Das Controller Area Network (CAN) enwickelt sich weiter: Vor der Einführung steht die dritte Protokollgeneration namens CAN XL (Extended Data-field Length). Ein CAN-XL-Rahmen-Relegramm überträgt Nutzerdaten mit bis zu 2048 Byte Länge im Broadcast, die maximal erreichbare Bitrate beträgt 20 Mbit/s.
Das 1986 von Bosch vorgestellte serielle Netzwerk CAN (Controller Area Network) ist seit 1993 international genormt (ISO 11898). Es ist das dominierende interne Fahrzeugnetzwerk (In-Vehicle Network, IVN). Dabei werden heutzutage überwiegend klassische CAN-HS(High-Speed)-Transceiver eingesetzt. Sie unterstützen Bitraten bis 1 Mbit/s, werden aber meistens nur mit einer Bitrate von 500 kbit/s betrieben. Selbst in Autos der unteren Preiskategorie gibt es heutzutage mehrere CAN-Netzwerke mit rund 50 CAN-vernetzten elektronischen Steuergeräten.
Im Jahr 2012 begann die Entwicklung der zweiten CAN-Protokollgeneration unter dem Namen CAN FD (Flexible Datarate). Ein CAN-FD-Frame kann Nutzerdaten mit einer Länge von bis zu 64 Byte im Broadcast (einer an alle) übertragen. Das CAN-FD-Protokoll ist in der Norm ISO 11898-1:2015 international standardisiert. In der Arbitrierungsphase, wenn mehrere CAN-Teilnehmer um das Senderecht »streiten«, ist die maximal erlaubte Bitrate wie beim klassischen CAN (CAN classic, CAN CC) auf maximal 1 Mbit/s begrenzt, da alle Teilnehmer in einer Bitzeit den Wert des Bits erkennen müssen. Wenn nach der Arbitrierungsphase nur noch ein Teilnehmer senden darf, kann in der folgenden Datenphase die Bitrate erhöht werden.

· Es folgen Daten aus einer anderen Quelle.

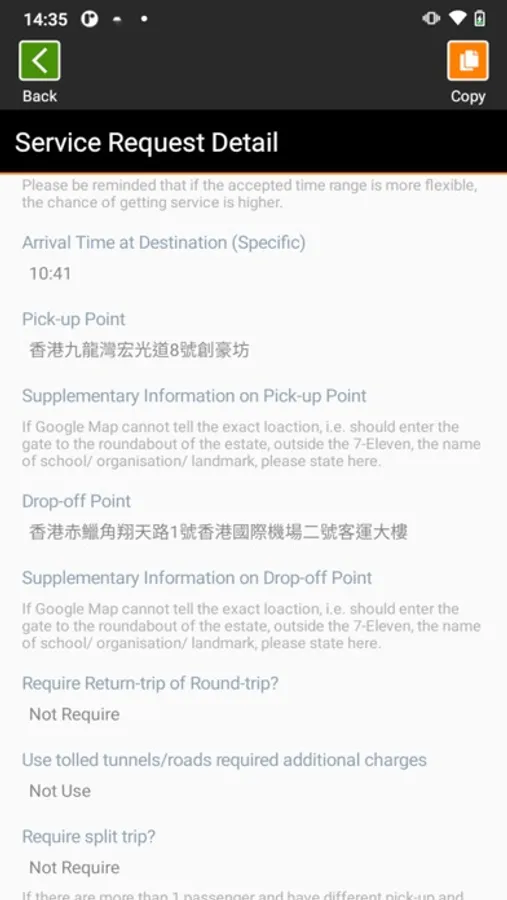 Scheduled Route Service is a regular commuting service for work, school, training or rehabilitation centres operated on weekday morning and evening peak hours.
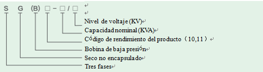 Parámetros técnicos del transformador de tipo seco no encapsulado de la serie SG(B)11-30~2500/10
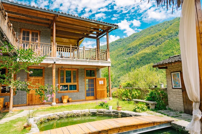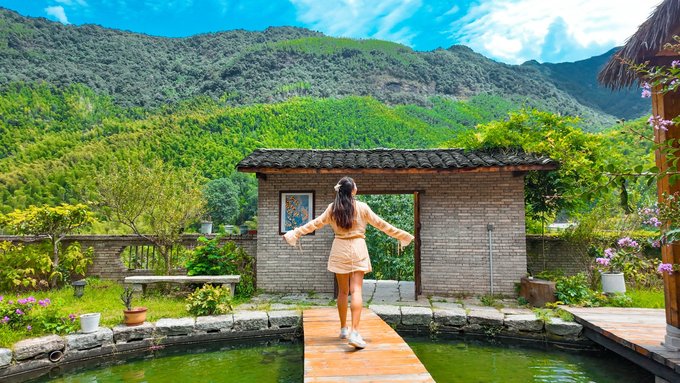 摆着一张小茶几,泡上一壶本地茶,坐在椅子上往外看,能看见远处的山尖和天上的流云。清晨是被鸟叫醒的,拉开窗帘,阳光透过竹叶洒在地上,像撒了一把碎银;坐在院子里的秋千上,所有的疲惫都烟消云散。
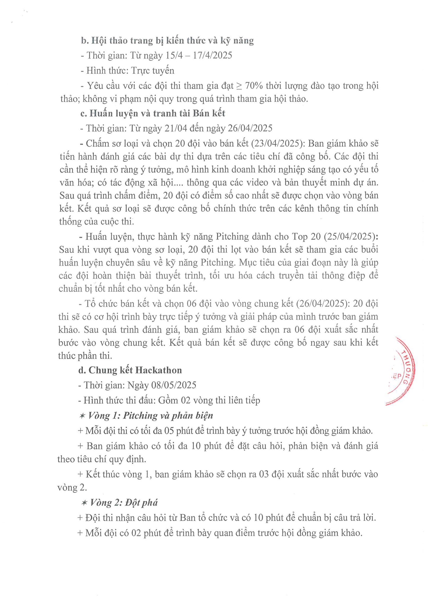 - Giai đoạn 4: Chung kết Hackathon (08/05/2025)
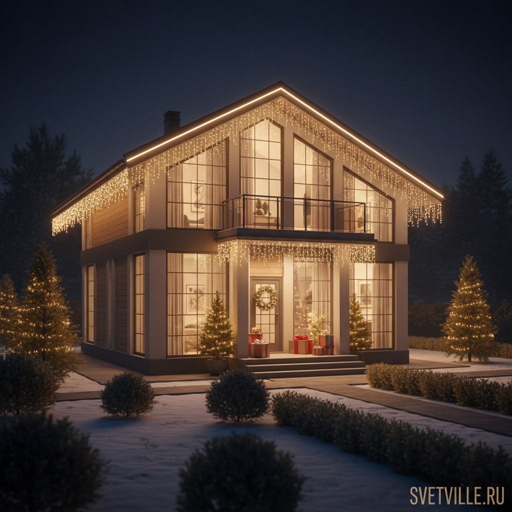 Новогодняя подсветка дома в Москве, СПБ и области
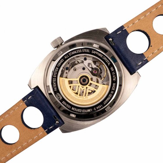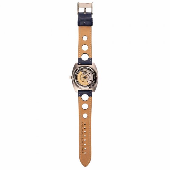 - Verspringend uurwerkmechanisme: het unieke verspringende uurwerk maakt van dit horloge een bijzonder hoogtepunt
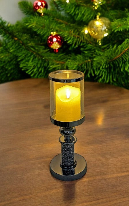 Glaszylinder abnehmbar Fuss D12cm und oberer Abschluss aus silberfarbenem Metall Glaszylinder D10cm H15.5cm geeignet für Teelichter, Kerzen oder Lichterketten
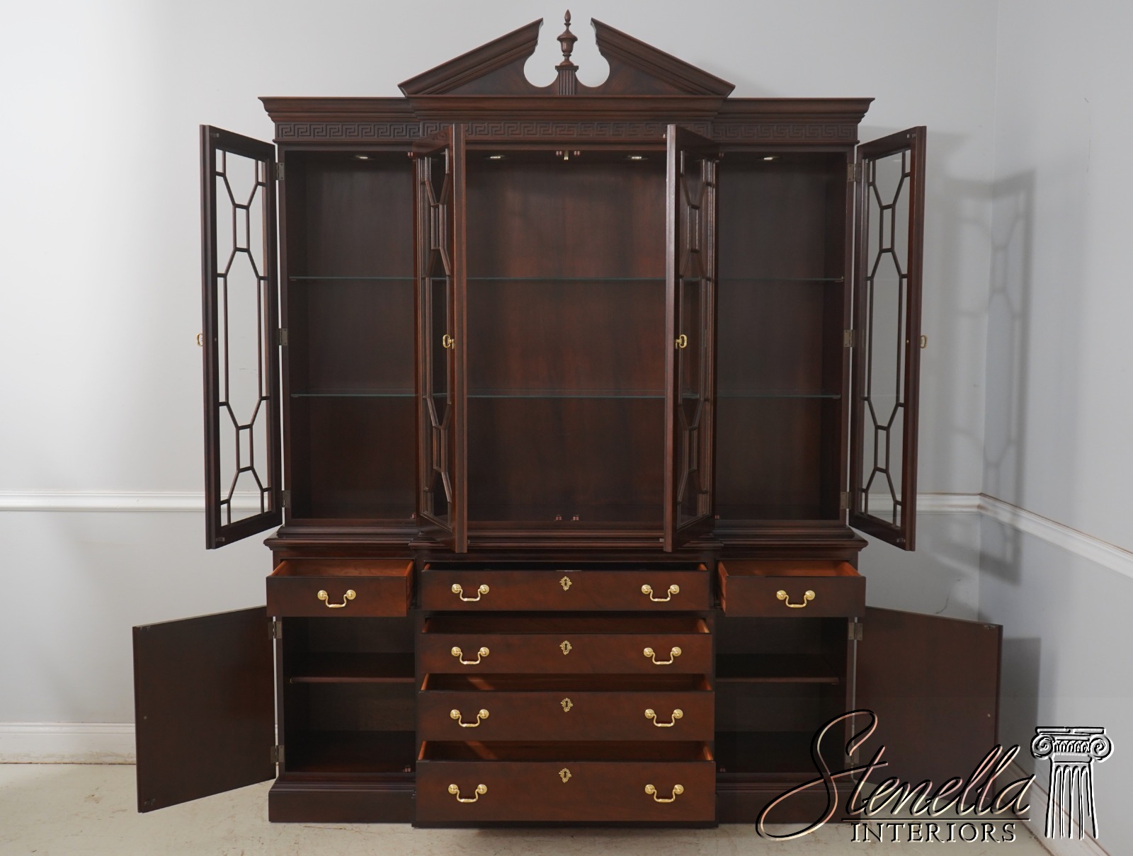 65746: STICKLEY Chippendale Style 4 Door Mahogany Breakfront
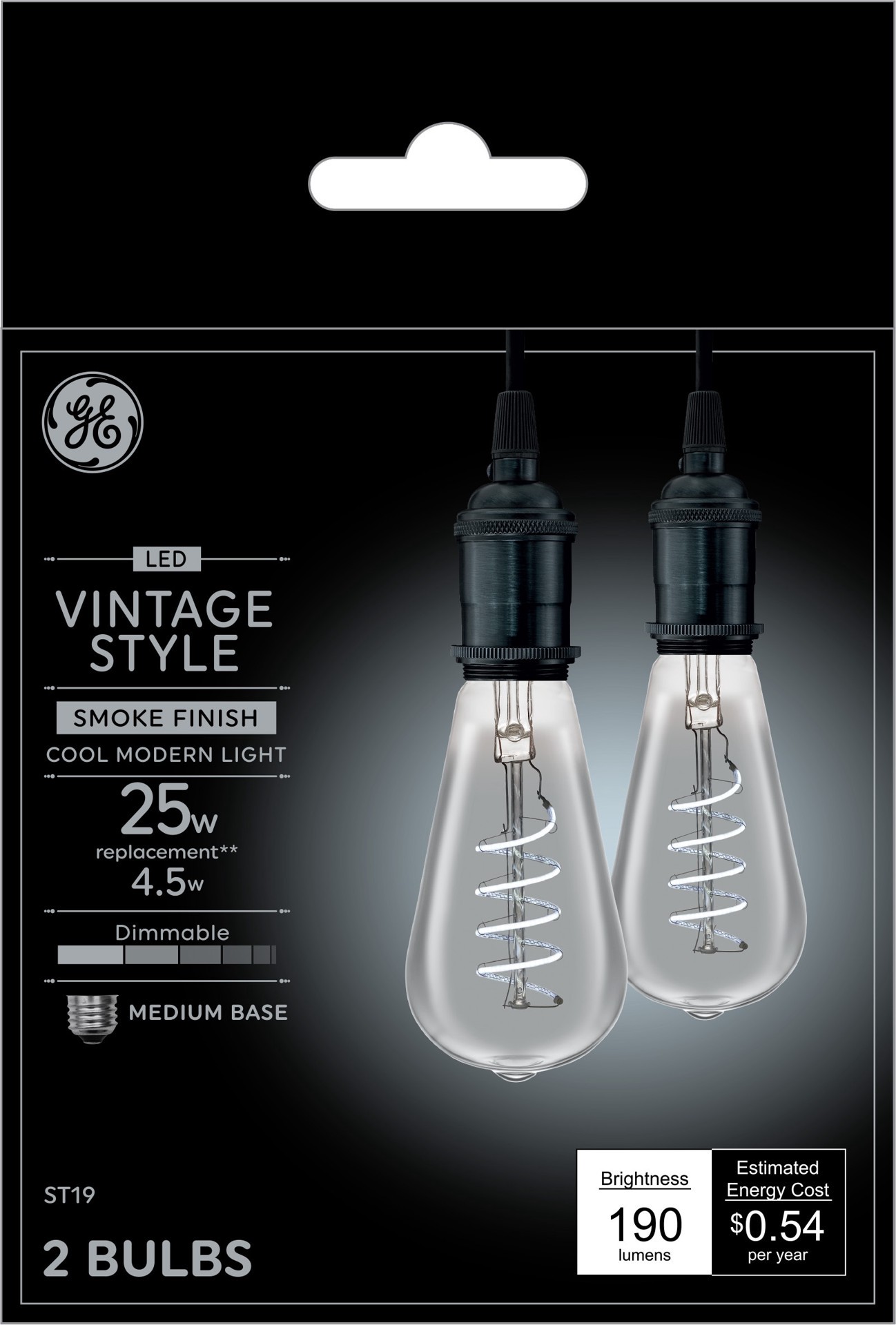GE Vintage Smoke 25 -Watt EQ ST19 Daylight Medium screw base E26 Dimmable LED Decorative Light Bulb 2 -Pack
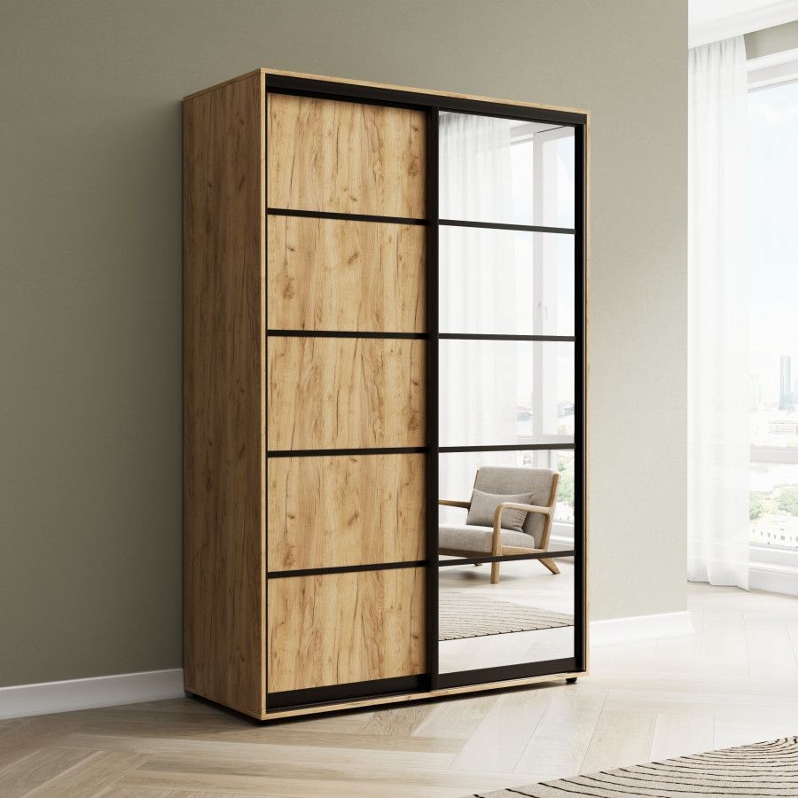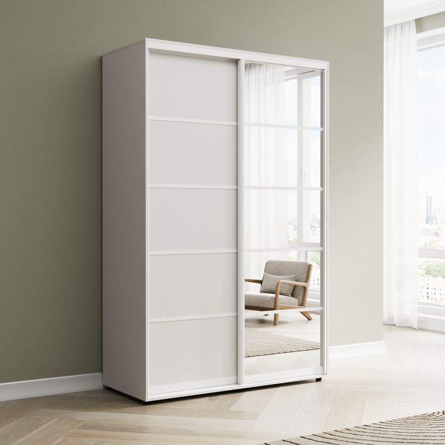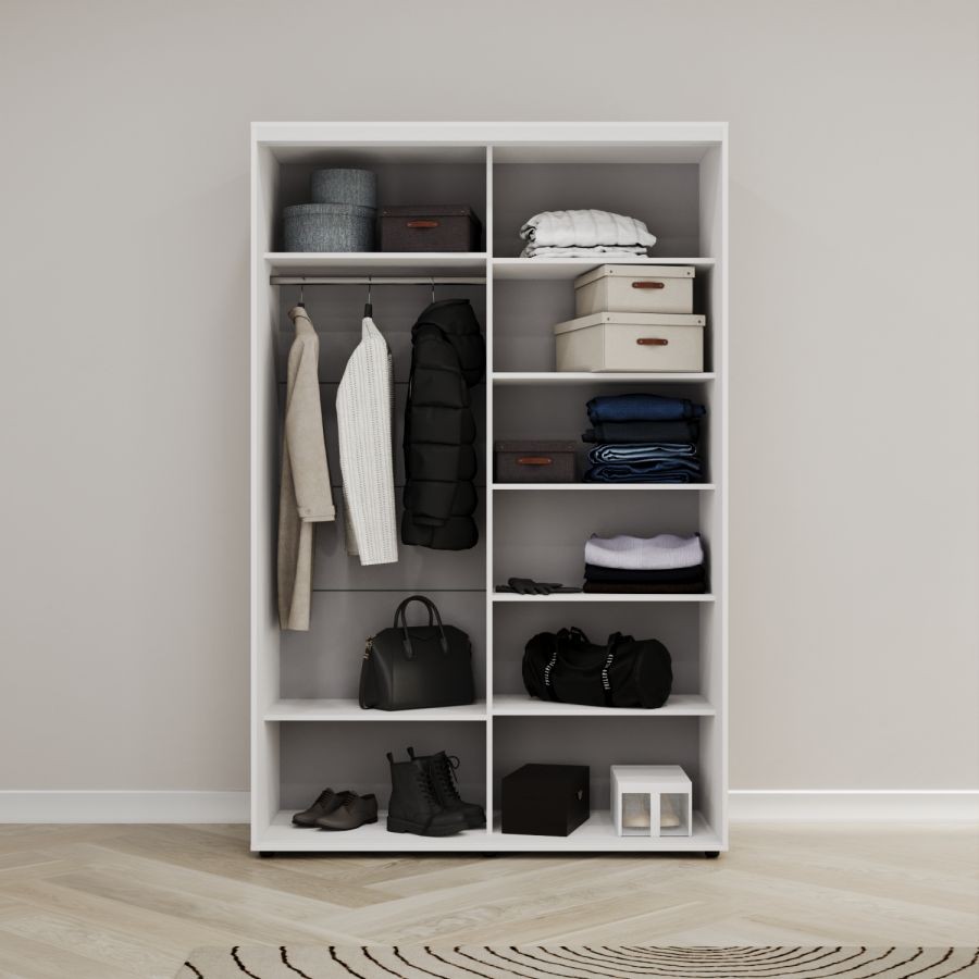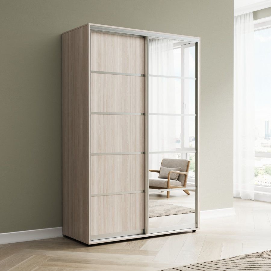 Корпус: ЛДСП класса Е1 толщиной 16 мм, внутреннее наполнение: семь полок и одна штанга. Двери: ЛДСП класса Е1 толщиной 10 мм, зеркало "Серебро" на травмобезопасной пленке.
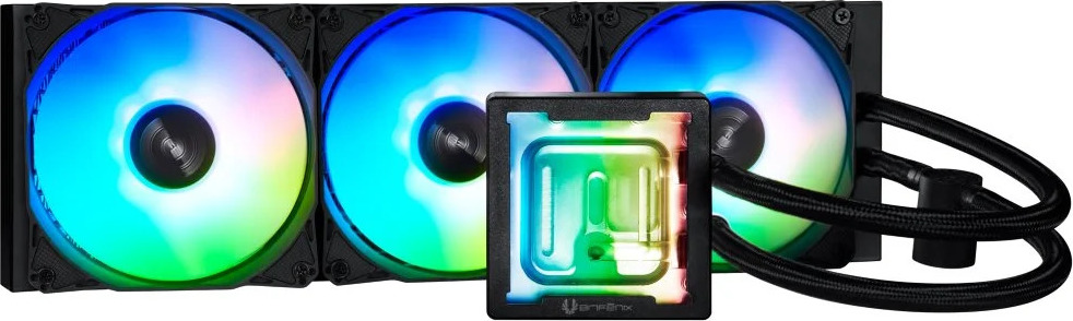 BitFenix Cube 360Vodní chladič určený pro chlazení široké škály procesorů. Vyznačuje se vysokou kvalitou, výkonem a spolehlivostí. Disponuje třemi 120 mm velkými ventilátory s ARGB podsvícením. Odolné opletené hadice jsou dlouhé 450 mm a díky dostatečně širokému průměru zaručují plynulý průtok chladicí kapaliny. Chladič je dodáván s teplovodivou pastou BitFenix TF10 Extreme pro maximální odvod generovaného tepla.ZÁKLADNÍ SPECIFIKACEUrčení chladiče: pro CPUTyp chladiče: vodníPodporované sockety: Intel LGA 1150, 1151, 1155, 1200, 1700AMD AM4, AM5Velikost ventilátoru: 3× 120 mmRychlost ventilátoru: až 2000 ot./minHlučnost: max. 36 dBADélka hadice: 450 mmRozměry: 397 × 120 × 32 mmBarva: černá

Anfänglich gab es nur CAN-FD-Trans- ceiver, die in der Norm ISO 11898-2:2016 spezifiziert sind. Mit ihnen kann man realistische Bitraten von 2 Mbit/s in Netzwerken mit mehr als zwei Teilnehmern erreichen. Bei Punkt-zu-Punkt-Verbindungen mit nur zwei Teilnehmern kann man CAN-FD-Frames mit bis zu 5 Mbit/s übertragen. Immer unter der Voraussetzung, dass eine Kommunikation bei Temperaturen von -40 °C bis +150 °C funktionieren soll. Branchenübliche EMV-Anforderungen sind dabei ebenfalls zu erfüllen. Die Norm IEC 6228-3:2019 spezifiziert Test- und Messmethoden für die EMV-Bewertung von CAN-Transceivern.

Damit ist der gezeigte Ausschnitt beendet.